Дальше становится только хуже. Заняться на ферме особо нечем — можно пойти посмотреть на пять коров, молоко от которых сразу увозят на молокозавод, так что для нашей овсянки ничего не остается; можно погонять четырех кур, чьи яйца немедленно отправляются на консервацию в бочонок с раствором жидкого стекла; можно полюбоваться на придавленные дождем поля ячменя — и это всё, если не считать овец, разбросанных, как белесые известняковые валуны, по склонам холмов, поросших буро-зеленой травой и папоротником.

Мне кажется, что там вдали, за холмами, за границами владений фон Лейбницев, лежит настоящая Шотландия (готовясь к поездке, я читала «Роб Роя», «Уэверли» и «Эдинбургскую темницу»
[41]
) — в фиолетово-сиреневой дымке, поднимающейся к горизонту, растворяющейся в небе, уходящей с одной стороны в лес колючих бутылочно-зеленых деревьев.
— О, йа, — говорит мистер фон Лейбниц, когда на него нападает разговорчивый стих, — это йест част от фелики дрефни Каледонски лес.

И у меня подпрыгивает сердце, потому что это гораздо больше похоже на Шотландию Вальтера Скотта. (В Черный Вторник, о котором будет рассказано позже, я, вверенная попечению миссис фон Лейбниц, говорю ей в порядке светской беседы: «Забавно, что его фамилия Скотт, при том что он и был скоттом»,
[42]
но она отвечает только: «А ты мала́я с причудами, скажи нет?» — поскольку не читает ничего, кроме журнала «Друг народа».)

Мы сильно удивлены, что поблизости нет моря; активно дискутируется вопрос, кто в этом виноват, и Джордж снова выражает весьма неблагоприятное мнение о способности мистера Ропера ориентироваться по карте (а любовница мистера Ропера его защищает). Мы планируем несколько однодневных вылазок к морю, а также к различным историческим и архитектурным местам (миссис Ропер привезла с собой путеводитель). Наша первая экспедиция направлена в Форт-Вильям, и путь лежит через «знаменитое Гленко».

— Чем оно знаменито? — спрашиваю я у миссис Ропер, которая одной рукой держит путеводитель и смотрит в него, а другой проветривает грязные ночные пеленки Малыша Дэвида.
— Кровавой резней, — туманно отвечает миссис Ропер.
— Кровавой резней, — сообщаю я Патриции.
— Замечательно! — со смаком восклицает она.

— Нет-нет, это историческая резня, — торопливо объясняю я, но по глазам Патриции вижу, что она думает не о Кэмпбеллах и Макдональдах, но о Роперах и Ленноксах. Или, может быть, только о Ленноксах.

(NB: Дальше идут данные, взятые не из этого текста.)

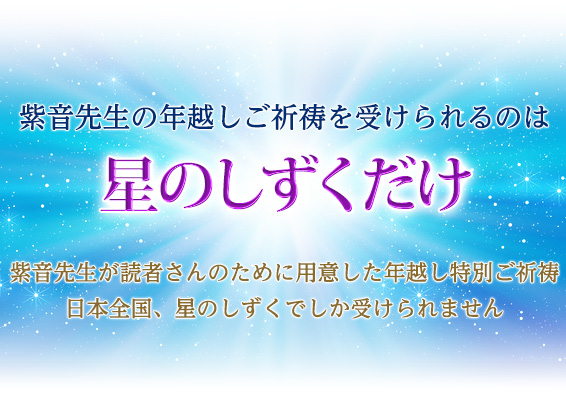 この度、新たな年を迎えるにあたり、心身にため込んだ旧年のネガティブを祓い(はらい)、あなたとご家族さまの健康と幸せな生活を祈願するため、紫音先生が特別に年越しお祓い(おはらい)のご祈祷を行います。

Когда мы въезжаем в Гленко, нас окутывает черное облако — как метафорическое, так и реальное («Такое уж боязное место эт’самое Гленко», — комментирует потом миссис фон Лейбниц). Горы мрачно и угрожающе вздымаются по сторонам, но мы прибываем на место благополучно (обходится без резни) и вкушаем все удовольствия, какие может предложить Форт-Вильям в дождливый день. Мы немедленно укрываемся от дождя в очередной «Кухне» (на сей раз — «Горца»), полной людей, инвалидных кресел, мокрых капающих макинтошей и зонтиков и агрессивного шипения хромированной кофеварки. «Взрослые», как они очень смешно себя называют, пьют кофе из стеклянных стаканчиков с блюдцами, и Банти улыбается мистеру Роперу поверх красной штампованной жестяной пепельницы и протягивает ему сахарницу из нержавейки, словно в ней лежат золотые яблоки Афродиты, а не кристаллы коричневого сахара. «Спасибо, Банти», — говорит он, и их улыбки отражают друг друга, а мы все, как загипнотизированные, следим за его ложкой, и он мешает, мешает, мешает, мешает чай, пока наконец миссис Ропер не восклицает: «Клайв, ты же не пьешь с сахаром!» — и только тогда мы приходим в себя.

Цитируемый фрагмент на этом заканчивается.